Jones is fully aware that enthusiasm from marches and other big events comes and goes. From the post-Stonewall years to Harvey Milk, ACT UP and the development of an LGBT “market” by corporate advertisers, he’s seen it all. But this time he feels things are different. After the election someone used the term “Stonewall 2.0,” Jones says. “When I read that, I snickered out loud and said to myself, We’ll see about that.” But now Jones says that he is witnessing a “sustained national grassroots movement.” “Not one of the national organizations has come close to it,” he observes.
Efinger is among the many trying to maintain the momentum from the National Equality March. He is working with the march’s outgrowth organization, Equality Across America, to organize Congressional District Action Teams, or CDATS, in all districts to put pressure on local representatives.
“This has been going on now for a full year,” Jones says. “Part of it is Barack getting elected. You can be as cynical as you want, but you can’t deny the milestone of that generation.”

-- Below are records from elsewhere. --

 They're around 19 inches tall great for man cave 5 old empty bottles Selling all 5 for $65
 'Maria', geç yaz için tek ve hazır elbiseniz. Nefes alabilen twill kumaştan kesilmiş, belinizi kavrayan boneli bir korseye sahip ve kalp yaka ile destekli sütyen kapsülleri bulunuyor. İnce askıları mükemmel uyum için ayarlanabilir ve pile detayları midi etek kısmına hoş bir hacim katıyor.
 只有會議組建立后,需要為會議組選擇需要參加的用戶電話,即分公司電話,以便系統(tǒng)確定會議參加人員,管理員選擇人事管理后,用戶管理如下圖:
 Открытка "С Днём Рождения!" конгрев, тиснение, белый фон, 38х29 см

Conrad Honicker is one of that generation. A senior in high school, he is already something of a veteran organizer. Soon after he came out at 14, Honicker led his first demonstration in his hometown of Knoxville, Tennessee. “It was the largest LGBT rally Knoxville had ever seen,” he explains. He also fought to have a Gay-Straight Alliance club in his high school, a first for Knox County. Not only did Honicker succeed; the greater Knoxville area now boasts eight GSA clubs. Thanks to a National Equality March co-chair who was also a Knoxville native, Honicker was asked to be on the steering committee, which makes sense, since much of his free time is spent whipping together local rallies and other events, including a gay-friendly prom. “I guess I just like to stay busy organizing,” he admits.

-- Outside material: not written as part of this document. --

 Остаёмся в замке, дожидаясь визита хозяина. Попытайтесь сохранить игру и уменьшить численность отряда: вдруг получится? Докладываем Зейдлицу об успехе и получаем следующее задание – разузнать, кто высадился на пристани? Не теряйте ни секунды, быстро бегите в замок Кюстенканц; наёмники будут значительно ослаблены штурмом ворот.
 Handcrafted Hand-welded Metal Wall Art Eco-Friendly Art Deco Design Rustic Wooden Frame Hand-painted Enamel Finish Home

When the march organizers proposed legislation as benchmarks to establish equality, Honicker noticed there was nothing youth-specific. “They were all really good pieces of legislation,” he says. “Sure, I want to get married one day, but I’m certainly not thinking about it right now.”

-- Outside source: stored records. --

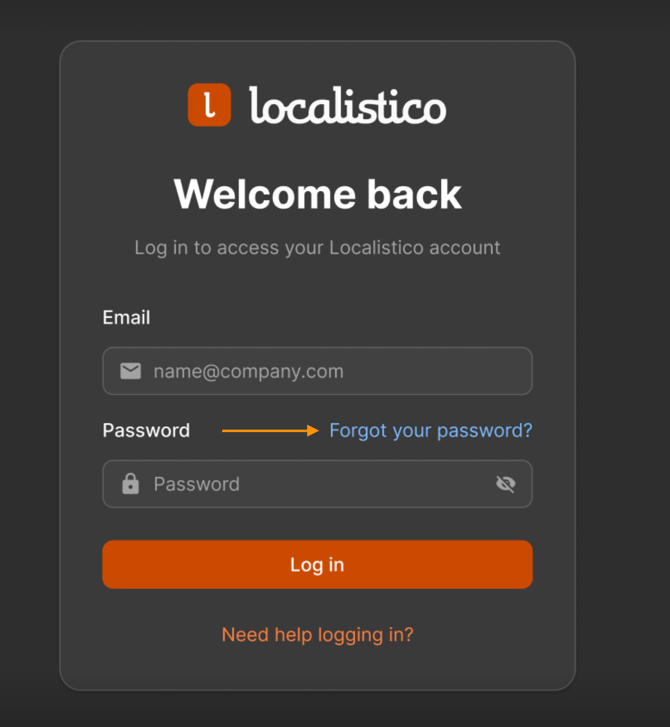 1. Go to the Localistico logging page and click on "Forgot your password?":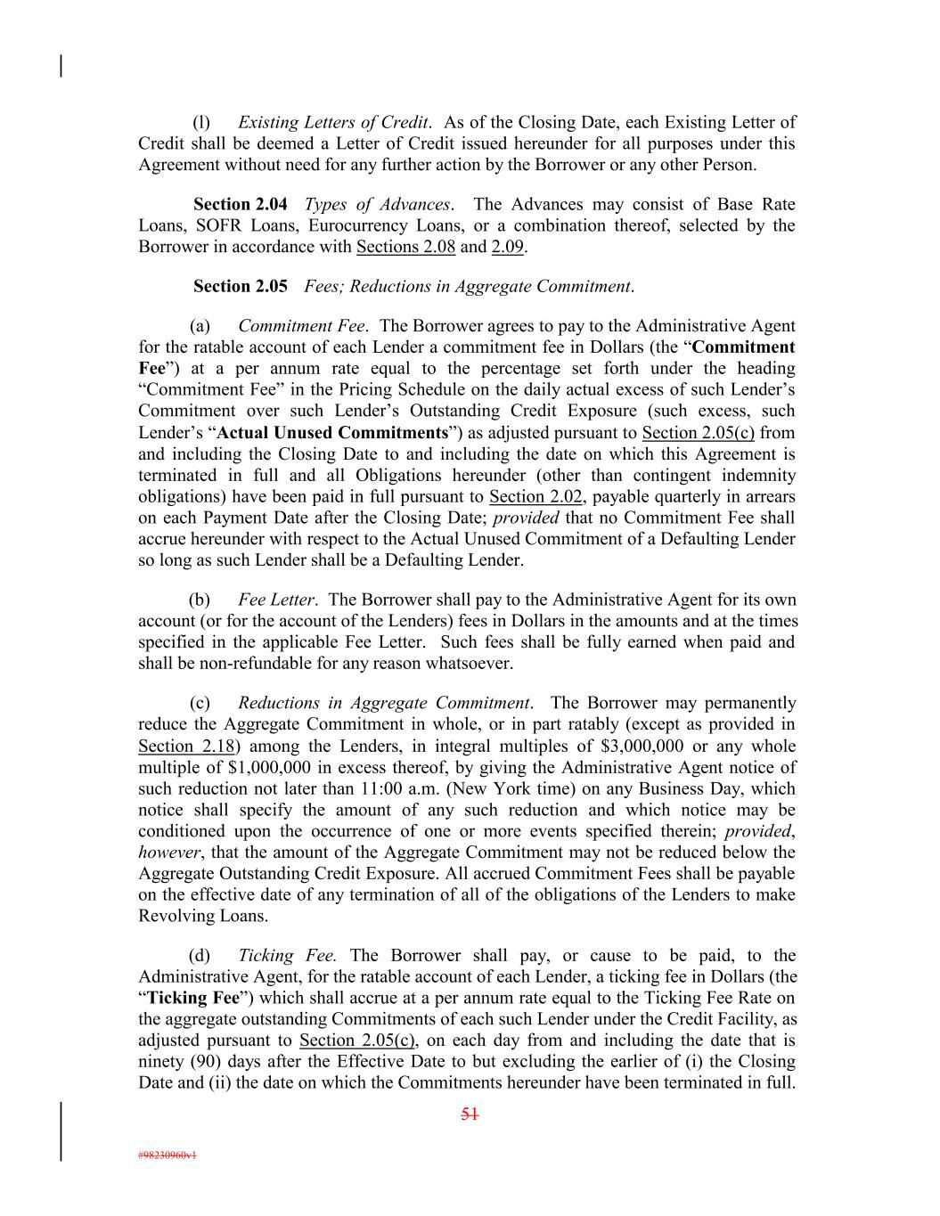 (l) Existing Letters of Credit. As of the Closing Date, each Existing Letter of Credit shall be deemed a Letter of Credit issued hereunder for all purposes under this Agreement without need for any further action by the Borrower or any other Person. Section 2.04 Types of Advances. The Advances may consist of Base Rate Loans, SOFR Loans, Eurocurrency Loans, or a combination thereof, selected by the Borrower in accordance with Sections 2.08 and 2.09. Section 2.05 Fees; Reductions in Aggregate Commitment. (a) Commitment Fee. The Borrower agrees to pay to the Administrative Agent for the ratable account of each Lender a commitment fee in Dollars (the “Commitment Fee”) at a per annum rate equal to the percentage set forth under the heading “Commitment Fee” in the Pricing Schedule on the daily actual excess of such Lender’s Commitment over such Lender’s Outstanding Credit Exposure (such excess, such Lender’s “Actual Unused Commitments”) as adjusted pursuant to Section 2.05(c) from and including the Closing Date to and including the date on which this Agreement is terminated in full and all Obligations hereunder (other than contingent indemnity obligations) have been paid in full pursuant to Section 2.02, payable quarterly in arrears on each Payment Date after the Closing Date; provided that no Commitment Fee shall accrue hereunder with respect to the Actual Unused Commitment of a Defaulting Lender so long as such Lender shall be a Defaulting Lender. (b) Fee Letter. The Borrower shall pay to the Administrative Agent for its own account (or for the account of the Lenders) fees in Dollars in the amounts and at the times specified in the applicable Fee Letter. Such fees shall be fully earned when paid and shall be non-refundable for any reason whatsoever. (c) Reductions in Aggregate Commitment. The Borrower may permanently reduce the Aggregate Commitment in whole, or in part ratably (except as provided in Section 2.18) among the Lenders, in integral multiples of $3,000,000 or any whole multiple of $1,000,000 in excess thereof, by giving the Administrative Agent notice of such reduction not later than 11:00 a.m. (New York time) on any Business Day, which notice shall specify the amount of any such reduction and which notice may be conditioned upon the occurrence of one or more events specified therein; provided, however, that the amount of the Aggregate Commitment may not be reduced below the Aggregate Outstanding Credit Exposure. All accrued Commitment Fees shall be payable on the effective date of any termination of all of the obligations of the Lenders to make Revolving Loans. (d) Ticking Fee. The Borrower shall pay, or cause to be paid, to the Administrative Agent, for the ratable account of each Lender, a ticking fee in Dollars (the “Ticking Fee”) which shall accrue at a per annum rate equal to the Ticking Fee Rate on the aggregate outstanding Commitments of each such Lender under the Credit Facility, as adjusted pursuant to Section 2.05(c), on each day from and including the date that is ninety (90) days after the Effective Date to but excluding the earlier of (i) the Closing Date and (ii) the date on which the Commitments hereunder have been terminated in full. 51 #98230960v1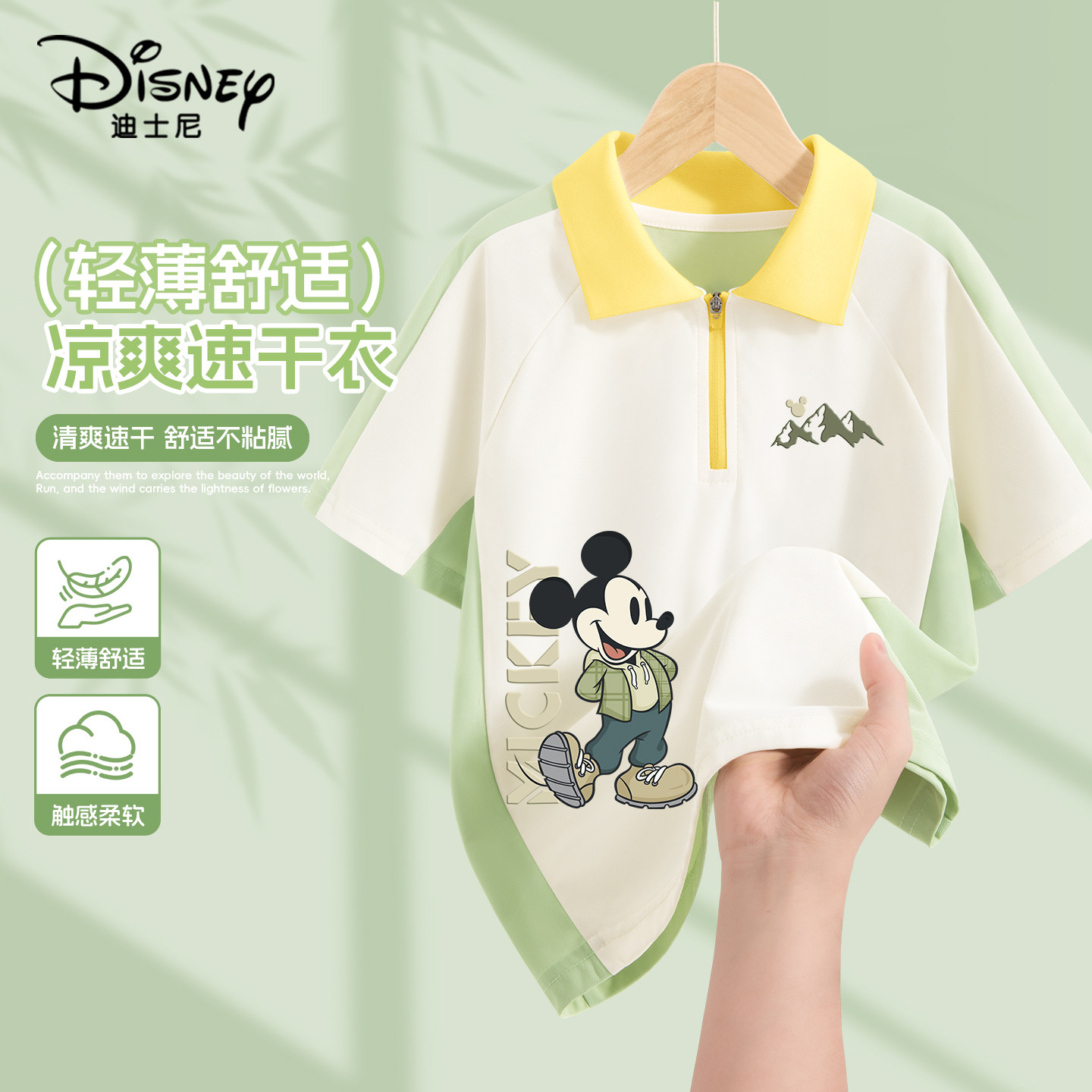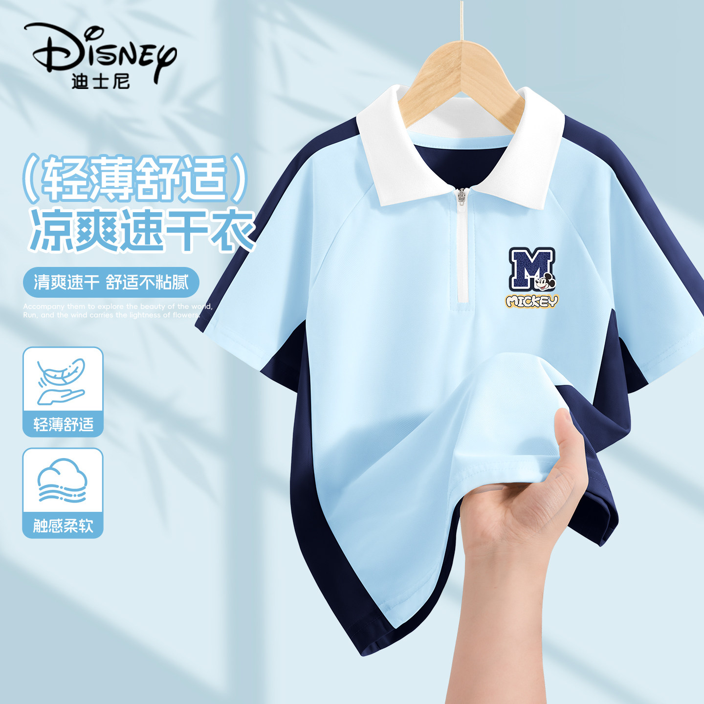 迪士尼男童速干polo衫2026新款童装男孩半袖吸湿儿童夏装短袖t恤

Honicker suggested advocating federal antibullying legislation, “which is very much needed,” he says with some tension in his voice. As an intern at the Gay, Lesbian and Straight Education Network, the local GSAs’ national umbrella organization, Honicker attended Obama’s June reception commemorating the fortieth anniversary of the Stonewall rebellion. Honicker spoke to Obama about antibullying and felt that the president was very supportive.
While other gay advocates have been skeptical of Obama’s commitment, Honicker is willing to take the president at his word, even though he understands that older activists rue the lost opportunities of the Clinton years. “Maybe an older generation–anybody over 25–might be feeling like it’s just going to be a repeat of the Clinton administration,” Honicker says, fully cognizant that he has no political memory of those setbacks.
“I don’t think it’s right that he’s not just ending ‘don’t ask, don’t tell’ or not ending DOMA. But at the same time, that’s not what I’m going to be complaining about,” he adds. “I’m complaining about the policies and not him. We have to work to change how the system operates and how we function within the system.”